Ship details:
Class: New York Battleship
Launched: May 18, 1912
At: Newport News Shipbuilding & Drydock Company, Newport News, Virginia
Commissioned: March 12, 1914
Length: 573 feet
Beam: 106 feet
Normal Draft: 28 feet, 6 inches
Displacement: 34,000 tons
Speed: 21 knots
Crew: 1,810
Armament: (December 1944) Ten 14-inch/45 caliber guns; six 5-inch/51 caliber guns; ten 3-inch/50 caliber guns; ten 40mm quad-mounted guns; forty-four 20mm guns
Address:
San Jacinto State Historical Park
3523 Highway 134
La Porte, Texas 77571
(281) 479-2431
(for overnight encampments) (281) 542-0684
Fax: (281) 479-4197
Email: barry.ward@tpwd.state.tx.us
Texas is the last of the battleships, patterned after HMS Dreadnought, that participated in World War I and the Second World War. Considered the most powerful warship afloat because of her ten 14"/45 guns in five twin turrets, Texas was commissioned in March 1914 and proceeded almost immediately to Mexican waters where she joined the Special Service Squadron following the "Vera Cruz Incident". She returned to Atlantic Fleet operations in the fall of 1914, after the Mexican crisis was resolved. In 1916 Texas became the first U. S. battleship to mount anti-aircraft guns and the first to control gunfire with directors and range-keepers, analog forerunners of todays computers.

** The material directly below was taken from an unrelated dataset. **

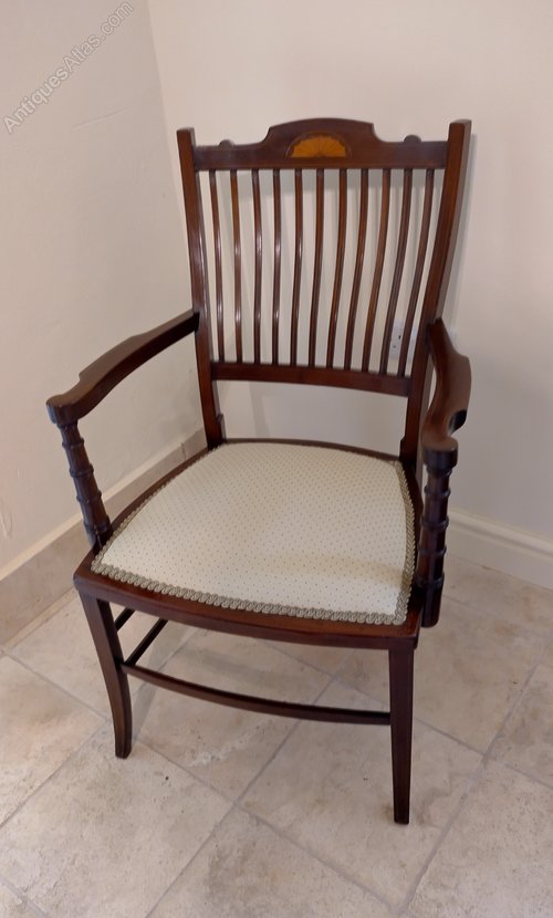 This early 1900s inlaid Mahogany Elbow chair has many potential uses, we feel it would make a great desk chair owing to the well shaped back. It is a great looking example with the turned arm facings and string inlays, enhanced by the fan inlay in the back rail. This chair also makes a great occasional chair in a bedroom or elsewhere if further seating may be required. It is in lovely condition and has just been reupholsterd for sale. A superb example at a sensible price. give us a call to discuss with pleasure. Description90cms high, 58 Wide 65 D overall.

After the U. S. entered World War I, she spent 1917 training gun crews for merchant ships that were often attacked by gunfire from surfaced submarines. Texas joined the 6th Battle Squadron of the British Grand Fleet early in 1918. Operating out of Scapa Flow and the Firth of Forth, Texas protected forces laying a North Sea mine barrage, responded to German High Seas Fleet sorties, fired at submarine periscopes observed by multiple ships, and helped prevent enemy naval forces from interrupting the supply of allied forces in Europe. Late in 1918 she guarded the German Fleet enroute to its surrender anchorage and escorted President Wilson to peace talks in France.
In 1919 Texas became the first U. S. battleship to launch an aircraft and served as a plane guard and navigational reference for the first trans-Atlantic flight by the seaplane NC-4, after which she transferred to the Pacific Fleet. In 1924 Texas returned to the Atlantic and sank the incomplete battleship Washington (BB 47) so the U. S. would be in compliance with the Naval Arms Limitation Treaty of 1922. From 1925 to 1927 Texas underwent modernization in Norfolk, transitioning from coal to oil fired boilers and receiving numerous other alterations. In 1927 Texas became the flagship of the U. S. Fleet and inaugurated the use of "talking" pictures for crew entertainment. She embarked President Coolidge for a trip to Cuba in 1928.
Texas received the first commercial radar in the U. S. Navy in 1939. In 1940, Texas was designated flagship of U. S. Atlantic Fleet. The First Marine Division was founded aboard Texas early in 1941. That same year while on "Neutrality Patrol" in the Atlantic, Texas was stalked unsuccessfully by the German submarine U-203. Texas escorted Atlantic convoys against potential attacks by German warships after America entered World War II in December 1941.
In 1942, Texas transmitted General Eisenhower's first "Voice of Freedom" broadcast, asking the French not to oppose allied landings on North Africa. The appeal went unheeded and Texas provided gunfire support for the amphibious assault on Morocco, putting Walter Cronkite ashore to begin his career as a war correspondent.
After further convoy duty, Texas fired on Nazi defenses at Normandy on "D-Day", June 6, 1944. Shortly afterwards she was hit twice in a duel with German coastal defense artillery near Cherbourg, suffering 1 fatality and 13 wounded. Quickly repaired, she shelled Nazi positions in Southern France before transferring to the Pacific where she lent gunfire support and anti-aircraft fire to the landings on Iwo Jima and Okinawa.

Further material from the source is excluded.